• _What you need to do_
All of the listing, from first line to last, should be output exactly; the pictures stay out.

##########

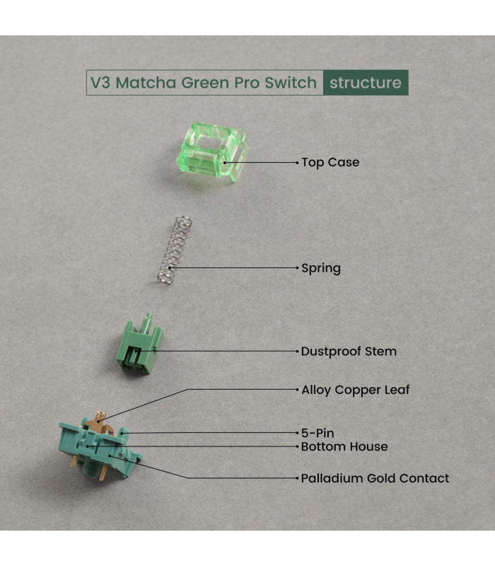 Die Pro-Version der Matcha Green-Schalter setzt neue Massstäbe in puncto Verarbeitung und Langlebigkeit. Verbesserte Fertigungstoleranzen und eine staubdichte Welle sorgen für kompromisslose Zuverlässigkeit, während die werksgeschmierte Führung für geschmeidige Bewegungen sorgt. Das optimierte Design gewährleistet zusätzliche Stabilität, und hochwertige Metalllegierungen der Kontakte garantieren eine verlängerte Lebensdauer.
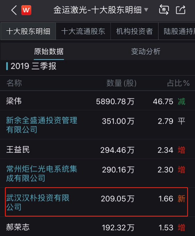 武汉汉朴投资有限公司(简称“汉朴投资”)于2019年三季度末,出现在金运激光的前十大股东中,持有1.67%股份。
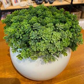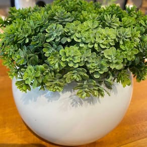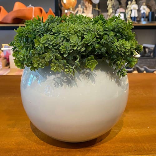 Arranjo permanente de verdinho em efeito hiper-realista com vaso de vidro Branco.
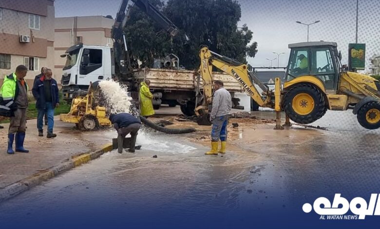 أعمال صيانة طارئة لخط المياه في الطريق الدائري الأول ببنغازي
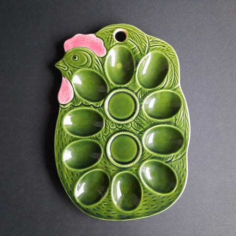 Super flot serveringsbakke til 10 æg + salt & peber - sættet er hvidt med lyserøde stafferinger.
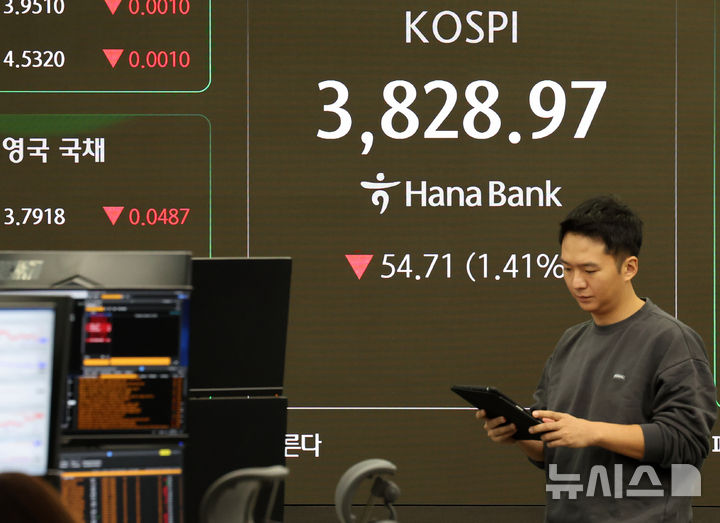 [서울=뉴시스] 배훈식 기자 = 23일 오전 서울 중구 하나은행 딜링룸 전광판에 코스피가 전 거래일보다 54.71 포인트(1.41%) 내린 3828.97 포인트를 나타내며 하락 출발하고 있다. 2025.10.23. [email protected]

##########

• _Completed exercise_
 Die Pro-Version der Matcha Green-Schalter setzt neue Massstäbe in puncto Verarbeitung und Langlebigkeit. Verbesserte Fertigungstoleranzen und eine staubdichte Welle sorgen für kompromisslose Zuverlässigkeit, während die werksgeschmierte Führung für geschmeidige Bewegungen sorgt. Das optimierte Design gewährleistet zusätzliche Stabilität, und hochwertige Metalllegierungen der Kontakte garantieren eine verlängerte Lebensdauer.
 武汉汉朴投资有限公司(简称“汉朴投资”)于2019年三季度末,出现在金运激光的前十大股东中,持有1.67%股份。
 Arranjo permanente de verdinho em efeito hiper-realista com vaso de vidro Branco.
 أعمال صيانة طارئة لخط المياه في الطريق الدائري الأول ببنغازي
 Super flot serveringsbakke til 10 æg + salt & peber - sættet er hvidt med lyserøde stafferinger.
 [서울=뉴시스] 배훈식 기자 = 23일 오전 서울 중구 하나은행 딜링룸 전광판에 코스피가 전 거래일보다 54.71 포인트(1.41%) 내린 3828.97 포인트를 나타내며 하락 출발하고 있다. 2025.10.23. [email protected]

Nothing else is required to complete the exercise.